JSNP Excellent Presentation Award for AsCNP 2015の授賞式は先述のように大会のClosing Ceremonyの時間にClosing Ceremonyとは別の部屋の会場において行われましたが、その部屋で授賞式が行われることは、なんと本大会では事前には一部の応募者に通知が届いたのみであったようです。私の方には不運にも通知が届いておらず、授賞式の開始時、私は実際にClosing Ceremonyに参加しておりましたが、その途中で、同一所属機関の池田和隆日本神経精神薬理学会(JSNP)現理事長に声を掛けられ、慌てて授賞式会場へ案内されて、漸くそこで授賞式が行われることを理解しました。後で聞きましたが、池田理事長もClosing Ceremonyの時に別の先生よりそのことをご教示頂いたそうです。そのようにして、バタバタとした状況の中、授賞式に臨むこととなりましたが、なんとか受賞者発表の時間に間に合い、記念撮影も受けることができました(図4)。なお、本大会において受賞対象となりました私のポスター発表の内容は、主としてpharmacogenetics/pharmacogenomicsに関するもので、他の演題と比較して幾分珍しい内容であったかと思いますが、今回このような立派な賞を頂くことができましたので、受賞者の名に恥じないように、また、受賞を励みとして、今後もNeuropsycopharmacologyの研究の発展に貢献できるよう、精進して参りたいと思います。
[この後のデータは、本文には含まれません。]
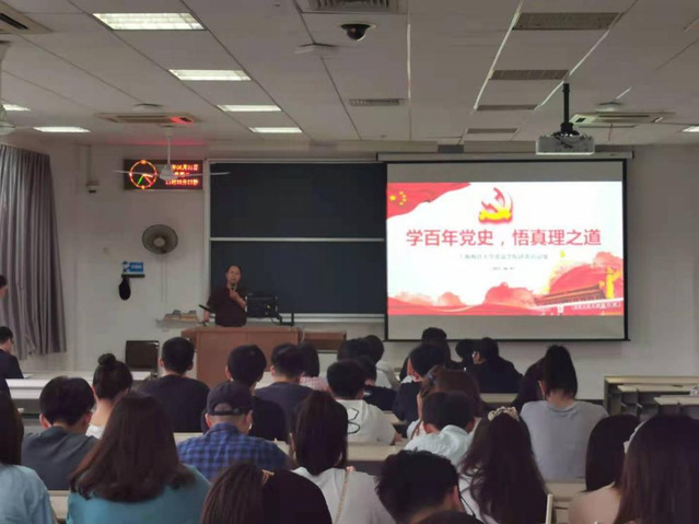 为庆祝建党一百周年,回顾党的光辉历程,讴歌党的丰功伟绩,提高同学们对党的认知与爱国主义热情,食品学院团委邀请了理论类社团指导老师孟庆梓为食品学院全体团学骨干以及青马同学进行了“学百年党史,悟真理之道”党史专题教育讲座,讲座于6月1日下午在3115教室举行。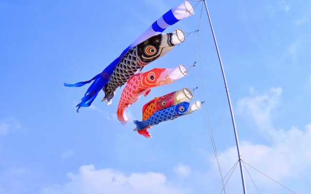 こどもの日には 「こいのぼり」を あげます。 「こいのぼり」とは 鯉という 魚の 形を した 旗です。 昔話で 鯉が 滝を 登ったと いわれているので、 「こいのぼり」には 鯉の ように 元気に 育って ほしい という 願いが あります。 家の庭 などに こいのぼりを 飾る ことが あります。
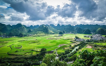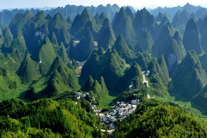從地質(zhì)學(xué)的角度看,北部為峰林盆地,中南部為峰林洼地和峰叢山地,峰林、峰叢大多為呈錐形,部分為鐘狀、平頂狀和馬鞍狀,堪稱一座“中國錐狀喀斯特博物館”。南北兩段峰林也各具特色,北部峰林如同一道屏風(fēng),護(hù)佑著耳寨、魚隴、雙生、樂立一帶的村寨田園。這里奇峰如林,田壩似錦,河水如帶,村寨如云,充滿詩情畫意,恰似一幅樸素、清麗的布依族織錦。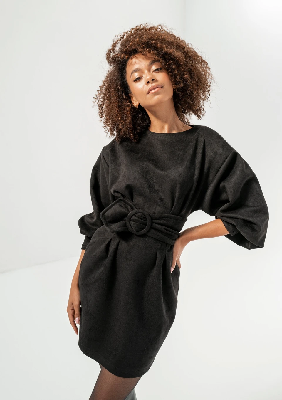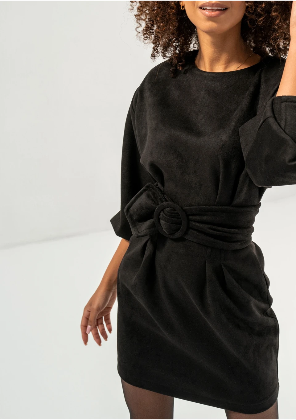 Czarna sukienka mini z imitacji zamszu o ołówkowym kroju, w komplecie z paskiem. Posiada komfortową, delikatnie elastyczną strukturę materiału.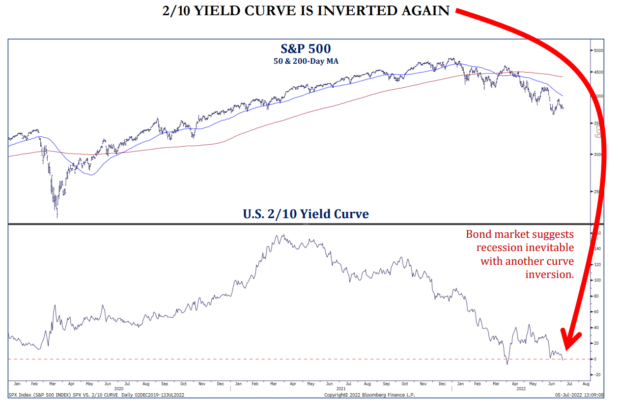 The yield curve has inverted temporarily several times this year, but it’s only been for a day or two and then bounced back to a more normal shape (front end lower than the long end). As the Fed continues to hike rates (raising rates at the front end of the curve) while the backend of the curve (much less controlled by the Fed) becomes more entrenched with recession fears (lower future growth & inflation) we could see a more legitimate, longer lasting inversion which would drive room for concern. Point being is up until now, the inversions while newsworthy, aren’t flashing a red signal… yet.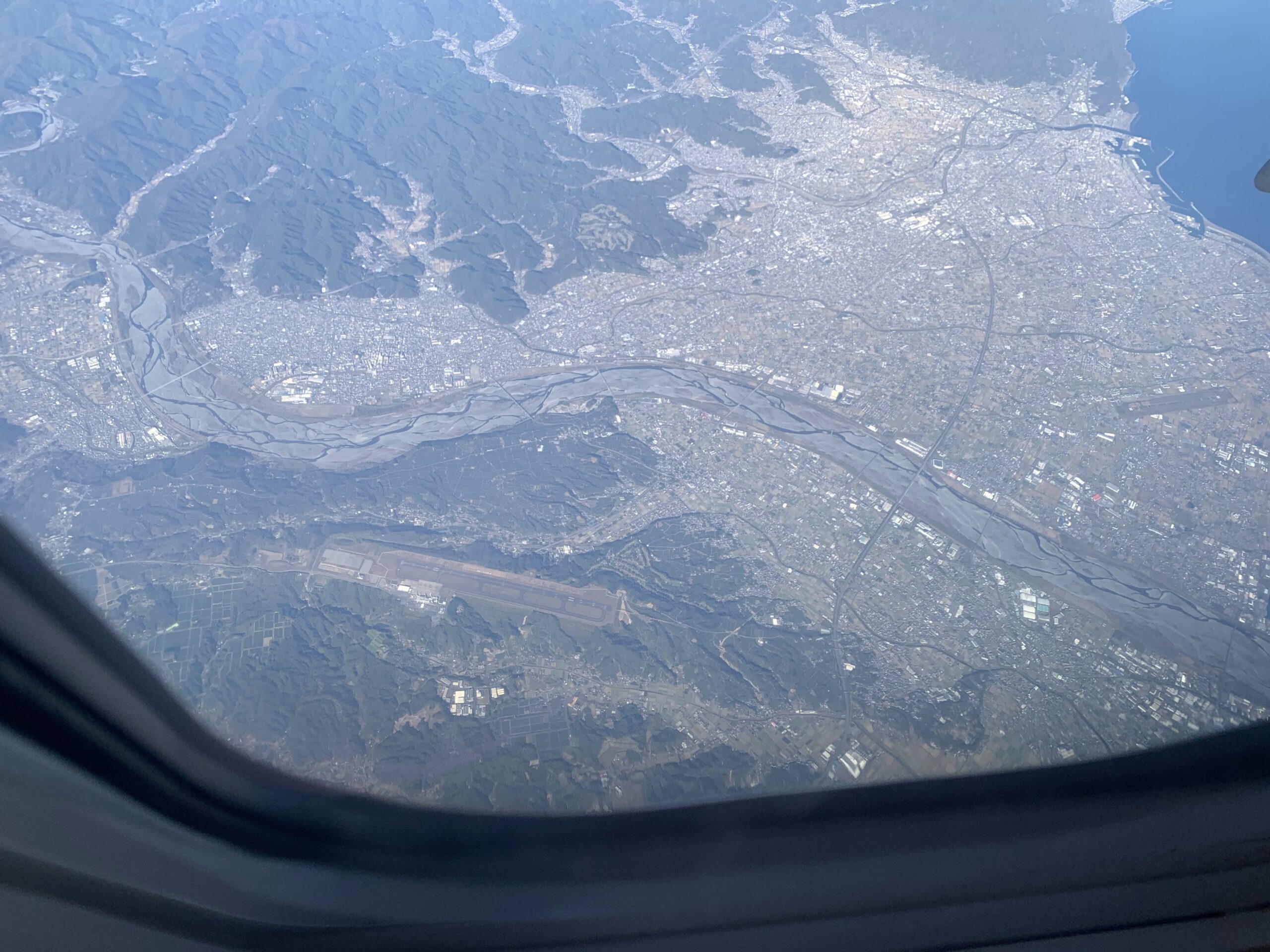 しばらく飛ぶと伊勢湾。伊勢湾というと中部国際空港です。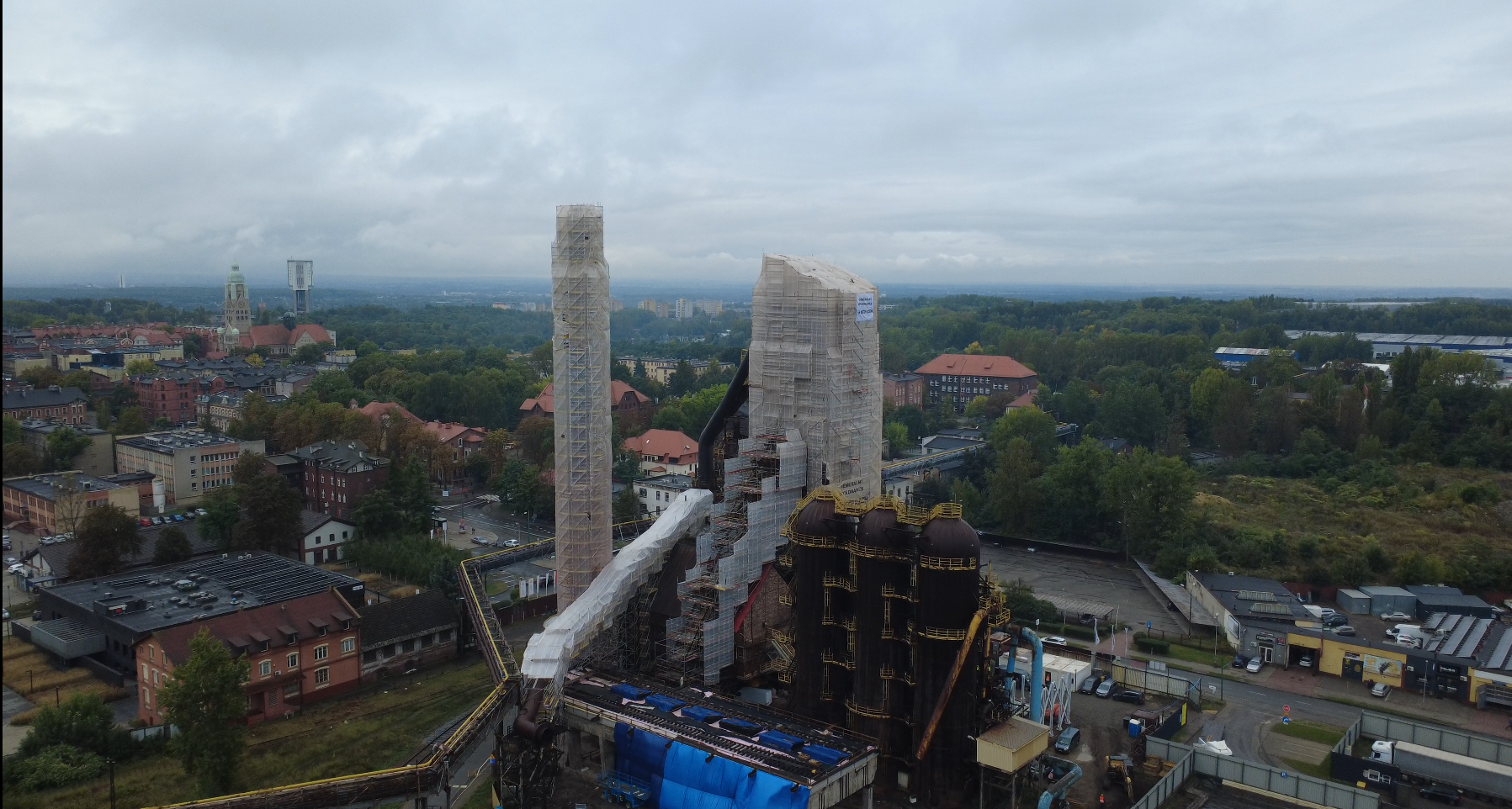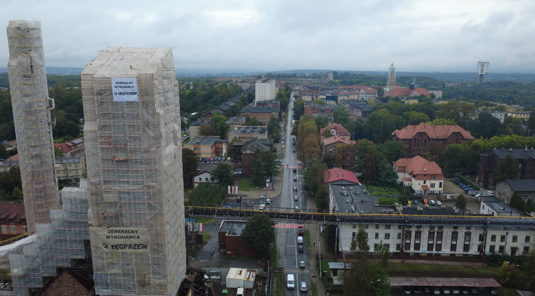 Obecnie trwają kluczowe prace przy konstrukcji stalowej. Zużyte elementy są wymieniane, pozostałe – czyszczone i malowane. Komisja konserwatorska nadzoruje dobór impregnatów, tak by obiekt odzyskał oryginalny wygląd. Równolegle czyszczony jest komin. Widać też nowe elementy – przesypownia zyskała stropodach i świetliki, a od strony ul. Piotra Niedurnego rośnie stalowa konstrukcja nowego budynku wejściowego.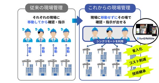 建設業界では、熟練技術者がトラブル解決や検査、指導のために現場に行くことが日常化しており、そのたびに移動時間とコストが大きな負担となっています。「SynQ Remote(シンクリモート)」は、現場の映像をリアルタイムで共有しながら、遠隔で具体的かつ的確な指示を可能にするコミュニケーションツールです。熟練技術者が現場に足を運ぶことなく、事務所や自宅から複数の現場を支援できるため、移動時間をゼロにする新たな働き方を実現します。これにより、業務効率の向上や作業のスピードアップが可能となり、建設業界の未来を切り開く基盤を築いています。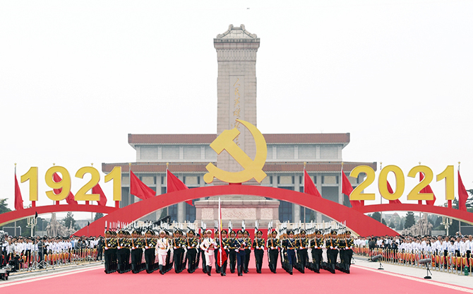 天安门城楼庄严雄伟,城楼红墙正中悬挂着毛泽东的巨幅彩色画像。天安门广场上,人民英雄纪念碑巍然矗立。纪念碑北侧,高7.1米、宽7.1米的中国共产党党徽和“1921”“2021”字标格外醒目。广场东西两侧,100面红旗迎风招展。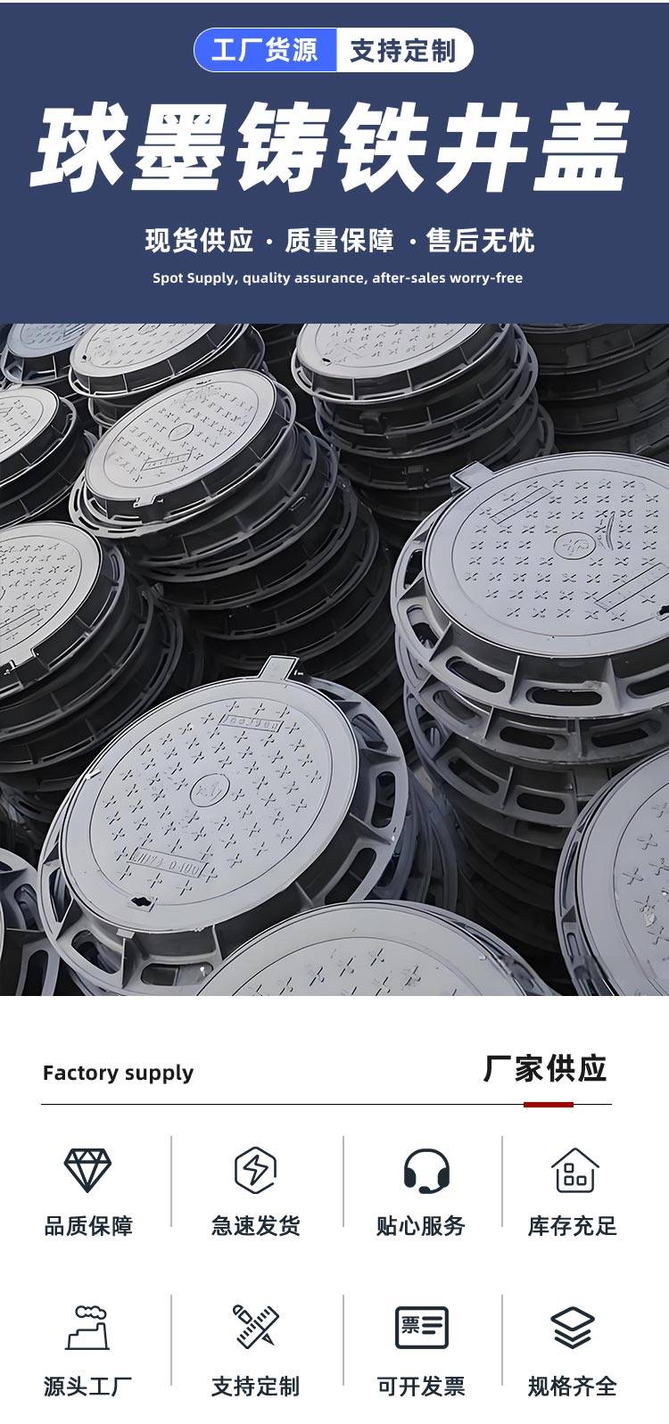 球墨铸铁防沉降井盖市政下水道宽边窨井盖板排水沟箅子厂家批发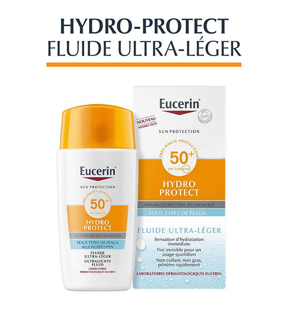La lumière UV est la principale cause de dommages cutanés induits par le soleil, mais la lumière visible à haute énergie (HEV) peut également induire des radicaux libres qui causent un stress supplémentaire à la peau. Le Fluide Ultra-léger Sun Visage Hydro Protect Eucerin SPF 50+ est un écran solaire quotidien qui contient le complexe Hydro-Tech pour une hydratation immédiate et une sensation de fraîcheur sur la peau, et qui protège contre les dommages cutanés induits par le soleil. L’Advanced Spectral Technology combine des filtres UVA et UVB à large spectre et photostables1 pour une protection UV très élevée, avec de la Licochalcone A pour neutraliser les radicaux libres causés par les UV et la lumière HEV. Le fluide solaire contient également de l’Acide Glycyrrhétinique qui soutient le mécanisme naturel de réparation de l’ADN de la peau. Avec sa formule parfumée, ultra-légère et non grasse, le Fluide Ultra-léger Sun Visage Hydro Protect Eucerin SPF 50+ est absorbé rapidement et ne laisse aucun résidu après application. Il est cliniquement et dermatologiquement très bien toléré par tous les types de peaux, même les peaux sensibles.

写真 - 左上:WPAIC2015色が際立つ会場内の様子。
写真 - 右上:台北101近くの大会会場(Taipei International Convention Center)外観の様子。
写真 - 左下:筆者(後列左から一番目)が発表を行ったシンポジウムにおいてシンポジストを務められたPo-Hsiu Kuo先生 (Taiwan) (後列左から二番目)、Chau-Shoun Lee先生 (Taiwan) (後列右から二番目)、Ichiro Sora 先生 (Japan) (後列右から一番目)、及び座長を務められたChia-Hsiang Chen先生 (Taiwan) (前列左)、Kazutaka Ikeda日本神経精神薬理学会現理事長 (Japan) (前列右)。
写真 - 右下:石郷岡先生と受賞の記念撮影に臨む筆者。